Task to complete —
In your copy, each line below is repeated exactly and no image appears.
Recorded information section start
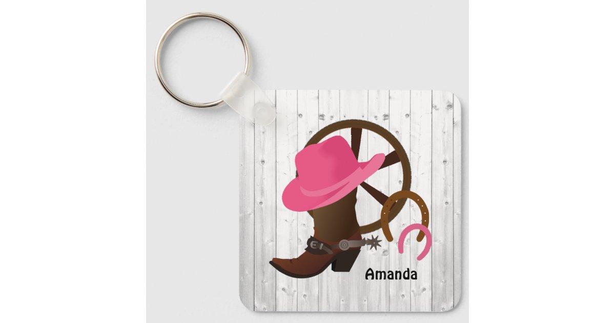 Cowgirl Personalized Rustic Keychain | Zazzle
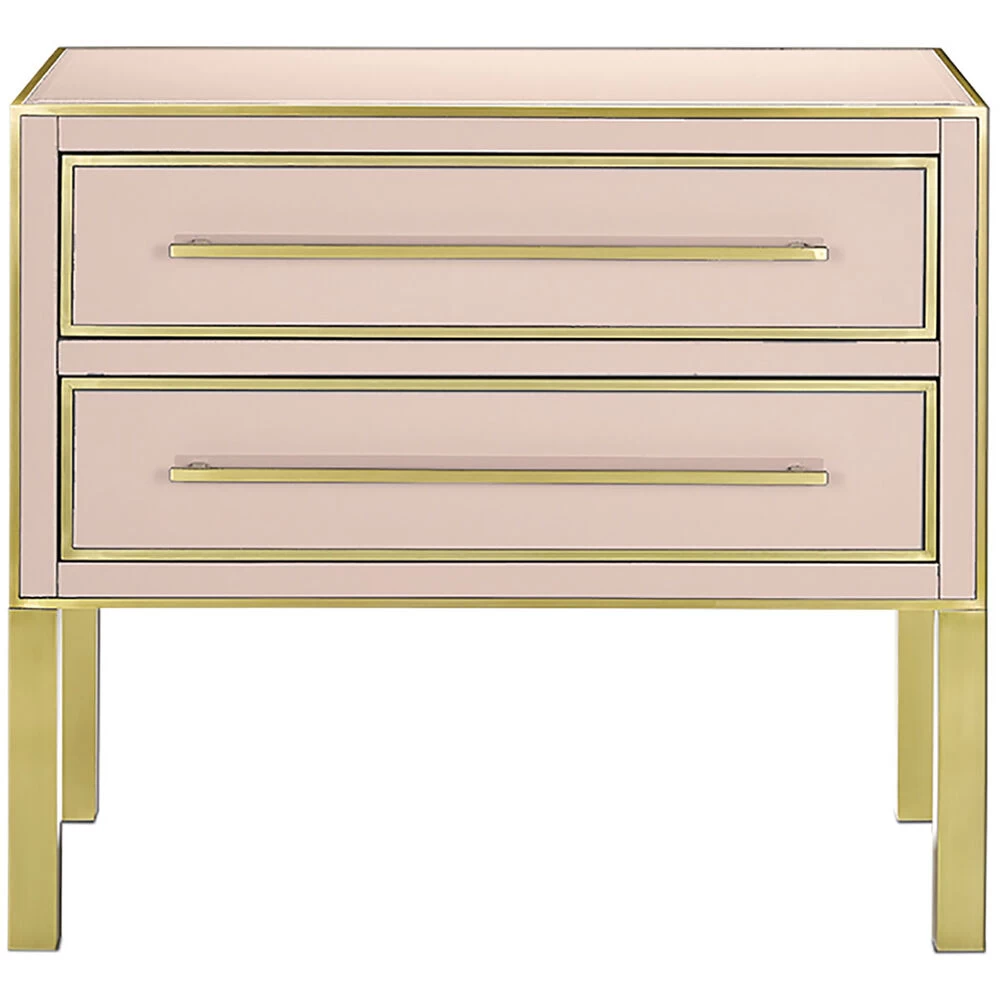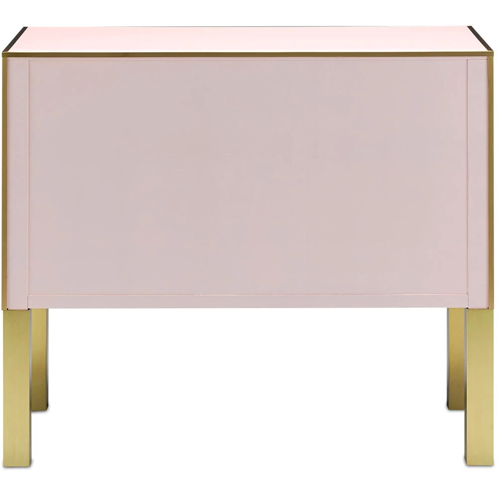 The peony version of our Arden Chest is inspired by a 1970s reverse-painted glass antique found at the Paris flea market. The chest features silver peony reverse-painted glass panels on the top, front and sides with solid brass trim, hardware and cladded legs. The chest is an image of simple luxury with its pale pink hue, beveled top and drawers with soft close glides. This piece also comes in a handsome tornado painted glass. The Arden family of furnishings includes a number of pieces.
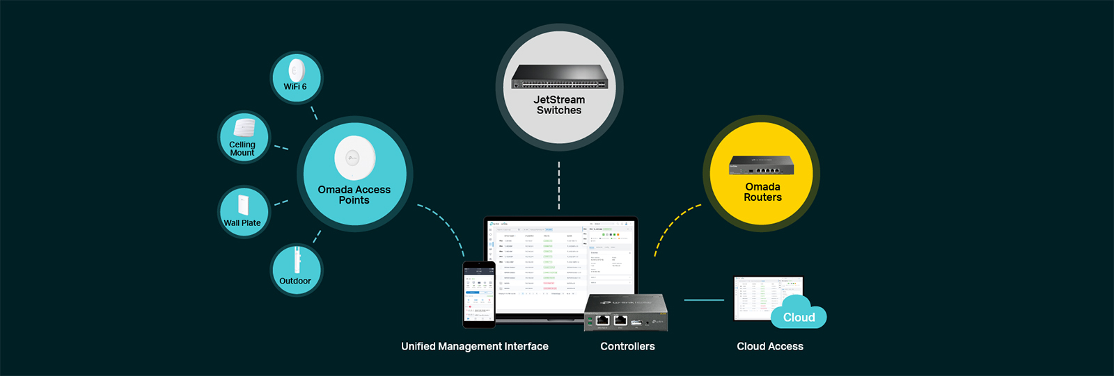 | Zarządzanie centralne | Kontroler sprzętowy Omada (OC300) Kontroler sprzętowy Omada (OC200) Kontroler programowy Omada Kontroler Omada oparty na Chmurze |
Recorded information section end
Solution for this problem —
 Cowgirl Personalized Rustic Keychain | Zazzle
 The peony version of our Arden Chest is inspired by a 1970s reverse-painted glass antique found at the Paris flea market. The chest features silver peony reverse-painted glass panels on the top, front and sides with solid brass trim, hardware and cladded legs. The chest is an image of simple luxury with its pale pink hue, beveled top and drawers with soft close glides. This piece also comes in a handsome tornado painted glass. The Arden family of furnishings includes a number of pieces.
 | Zarządzanie centralne | Kontroler sprzętowy Omada (OC300) Kontroler sprzętowy Omada (OC200) Kontroler programowy Omada Kontroler Omada oparty na Chmurze |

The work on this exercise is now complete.